The Skipping Stone: A Japan Trip Review by Tony Notarianni
When I first arrived at the new Honbu, I was incredibly impressed by its fresh character. A lot of thought had gone into layout and facilities, while a bright and well decorated interior provided a clean backdrop for Budo training. As much as I miss the old training hall, it definitely felt like an upgrade. The famous chalk board schedule still hung upon the wall, and I was excited to see that I would have the chance to train with many Shihan during my stay.
The first class was with Nagato Sensei, and immediately my attention was drawn to his movement. It seemed that as he demonstrated the initial grab, punch, or kick attack would be the same, and he might even travel in the same initial direction, but from there it would change each time. As the attacker fought back or readjusted balance, the defenders flow would just continue, circumventing the opponents strength and patiently letting a technique unfold naturally.
Nothing was really completed, one moment it appeared that an Omote Gyaku was going to be applied, but then it would suddenly transform into Ganseki Nage, in this way I saw a full flow of Kihon Happo techniques demonstrated, I felt this significant and so it stuck in my mind.
Grandmaster Hatsumi Sensei was of course the heart center of inspiration. I actually had the opportunity to see him teaching five times during my trip and all my observations have since overlapped. He mentioned that this year he had been focusing on Muto Dori, but it felt like he was trying to explain that this represented more than just empty handed defenses against a sword wielding attacker. There was a feeling to it, which was always there, regardless of whether he was armed or not.
Often he repeated the importance of not 'evading' the attack quickly, but to find the right rhythm and space. He also demonstrated the use of very light touch, sometimes using just a finger to control a cover point on the attacker. On a few occasions he didn't even need to touch the opponent, simply covering the important spaces was enough to alter the opponents next move. In fact, he even said not to see the opponent as an opponent to be beaten or defended against, but rather as a collaborator.
He often used his elbows to control, leaving his hands free to strike, or take other points, all in a natural flow. He likened this to the concept of the skipping stone, bouncing across the water. I felt that much like the skipping stone, the outcome is predetermined by the conditions, but any slight variation in those conditions appear to cause vastly deviating visual results. He said the important thing to do was to keep going along with the flow, and to have faith that one will survive.
Another notable concept was his usage of fulcrums and levers, especially when employing a sword or staff. He often found a way to set himself up, so that a simple soft movement of his body exerted incredible natural force against his opponent. Sometimes he even asked for multiple opponents to attack, and he was able to leverage them against each other. He did warn us not to take his Muto Dori too seriously though, and went on to show us how as a swordsman he could easily cut by utilizing the same flow and feeling as if he had no sword.
Hatsumi Sensei actually had an extra class for his Birthday. He talked about how he had spent the last 42 years working on what he had learned in 15 years with his teacher Takamatsu Sensei. He finally feels that he can do justice to the titles he received, and later mentioned that it is sometimes necessary to grow into a title or award, which has been received in advance of reaching the required ability.

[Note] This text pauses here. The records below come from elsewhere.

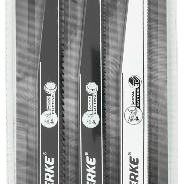Professzionális VERKE szúrófűrészlap készlet, különféle vágási feladatokhoz tervezve. A készlet 9 darab 200 mm hosszú fűrészlapot tartalmaz, amelyek tökéletesek otthoni és műhelyi használatra egyaránt.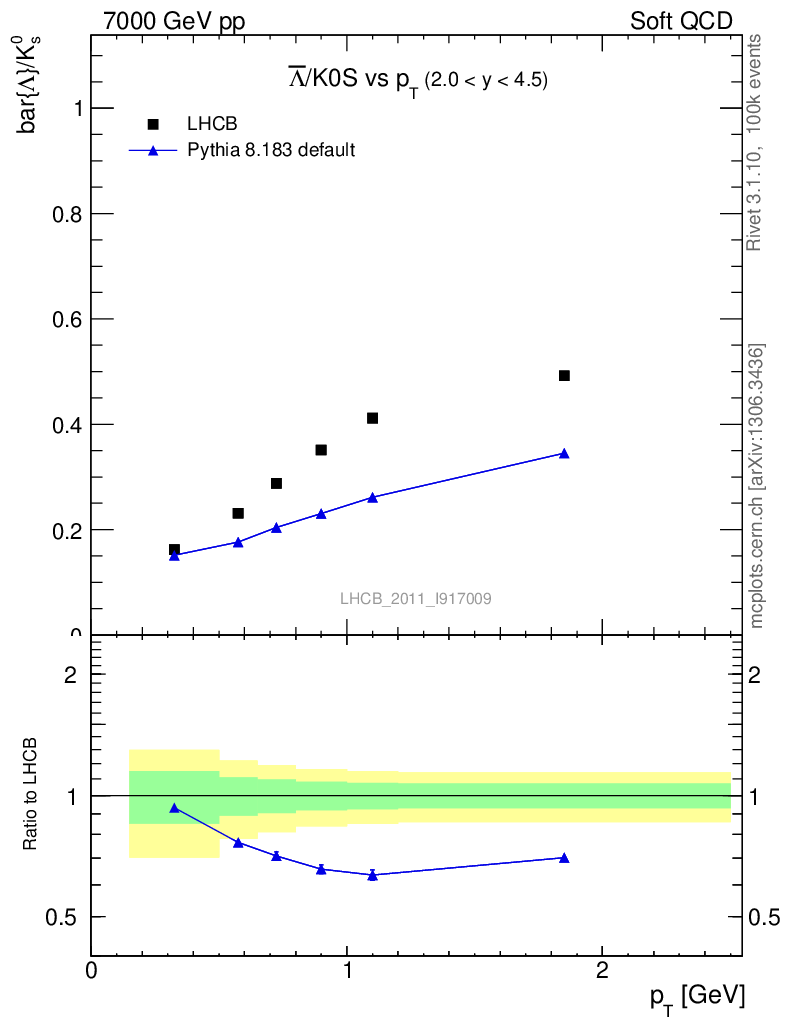 Soft QCD (inelastic) : Identified Particles : Ratios : Λbar/K0S vs pT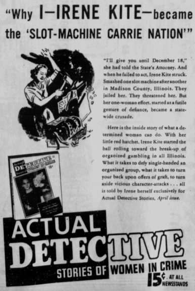 “I’ve got a lot of axes — about a dozen of them — and I’m not going to quit until every slot is out of the city,” she said (Nevada State Journal, Feb. 15, 1938).Kite also had informed the newspaperman that in Alton numerous syndicate-operated gambling places already should’ve been closed but hadn’t been because no officer would serve the warrants. She’d estimated that about 14 of these warrants, all legitimate and signed by a judge, were on file; the reporter looked into the matter and confirmed the total to be 17.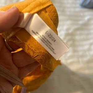 Gold halter bralette, beautiful color! Very comfy! Size L- 22/24. I wear a 42C and it fits me well.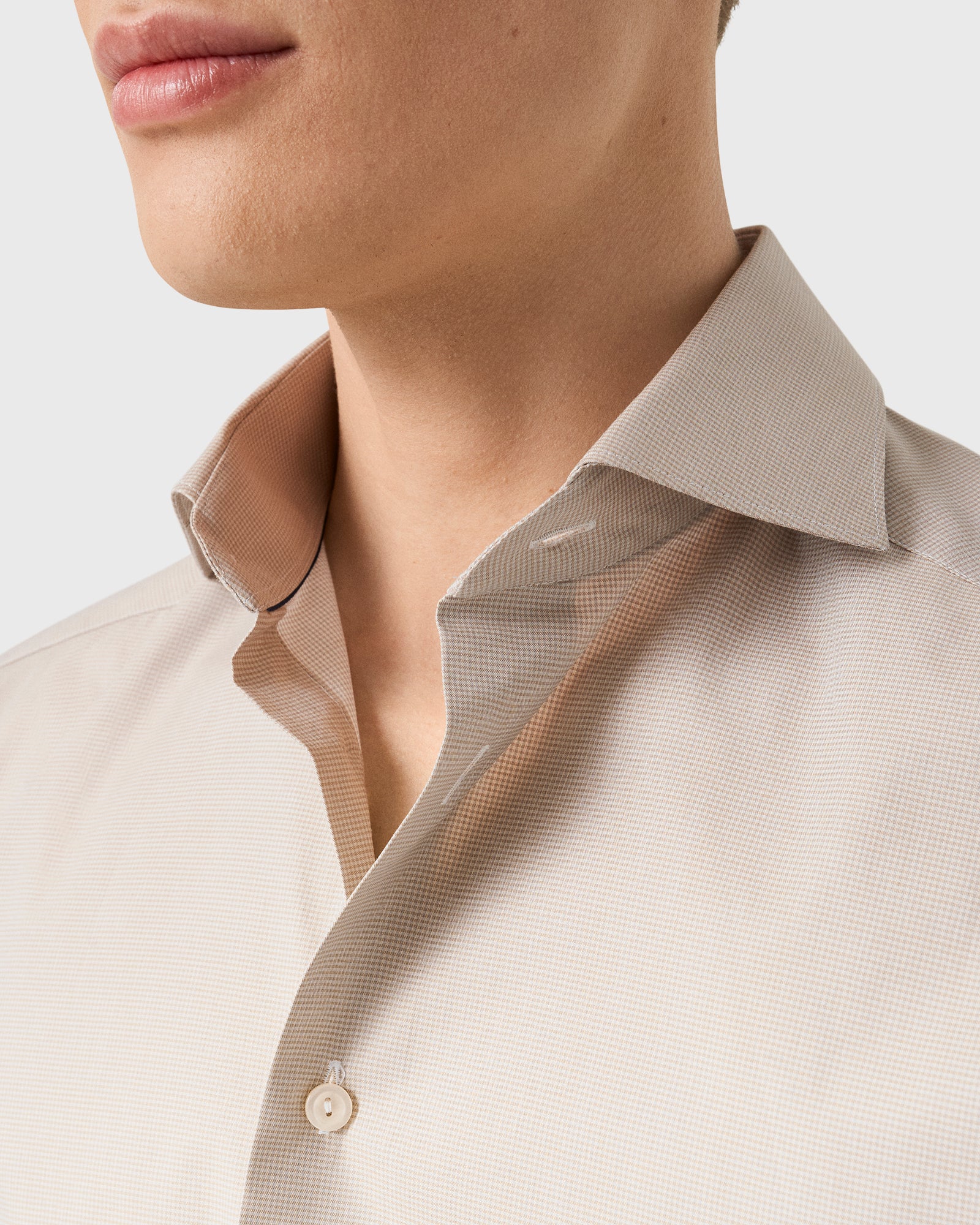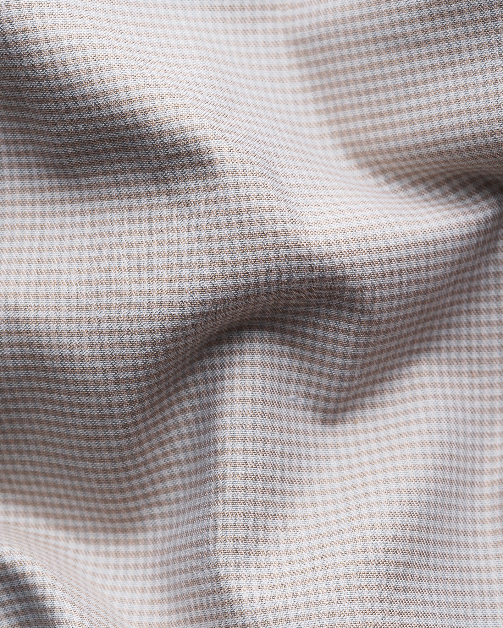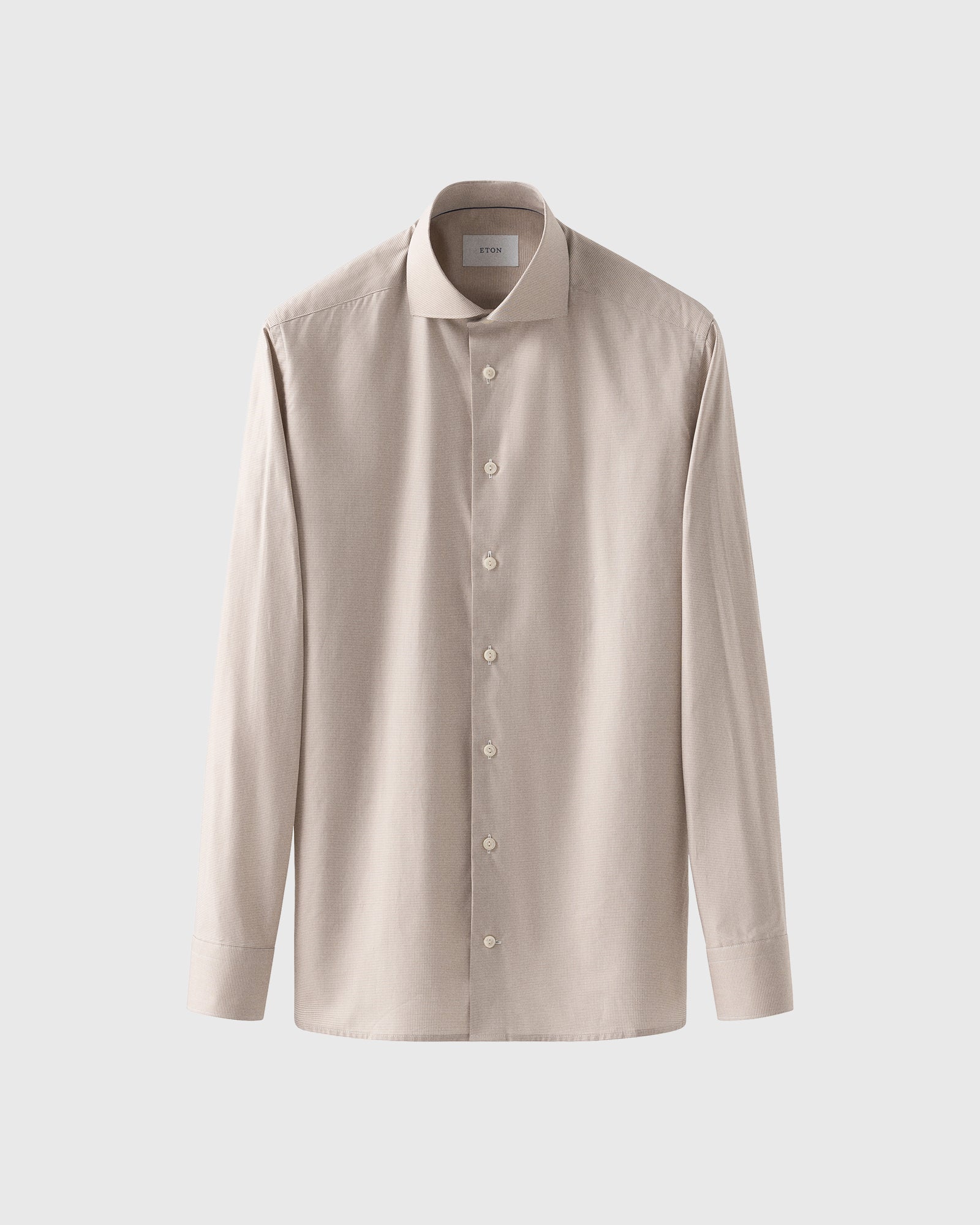 This stylish sand cutaway collar micro check shirt is cut from Eton's fine Twill cloth, a beautiful fabric that offers a featherweight hand and an elegant, diagonal texture. The fabric is woven from 100% cotton mélange yarns into a stripe, with the mélange texture creating a softer palette, in subtle spring colours.

He said that he has had a good time during those 42 years, he did a lot of travelling around the world teaching and spreading his art during less turbulent decades. Now however, it might be that as Budoka we have to step up to become examples for future generations as the world itself is changing. This change, and need to evolve was referenced often. Next, next, next....what is going to happen in the next cycle, it felt like a lot of that is really up to all of us now.
I studied with all of the Shihan that made themselves available, my cup was full and emptied several times. I realized I could not take back home their techniques or form, but their advice and training methodologies were certainly something I could work from. Apart from which, their skill and ability are all an inspiration to keep going, reference points to what is possible if I just keep pushing.
Hatsumi Sensei also talked about this, he said that when one hits a wall, one should not give up, but keep trying to find a way through. He said even if the wall is really strong, you can broadcast through it, and that way still reach the other side. That we should not let these walls be such a determination of who we are. With such motivational words, it was really a powerful training environment.
There certainly was a great deal of energy at the Dojo, I was awestruck not just by Hatsumi Sensei and his skills but also at the entire atmosphere he has created. It was very hard not to be distracted and I was reminded about Jack's teaching on the combat mindset during the year. I began to wonder in the skipping stone analogy whether we are supposed to be the skipping stone, or the water.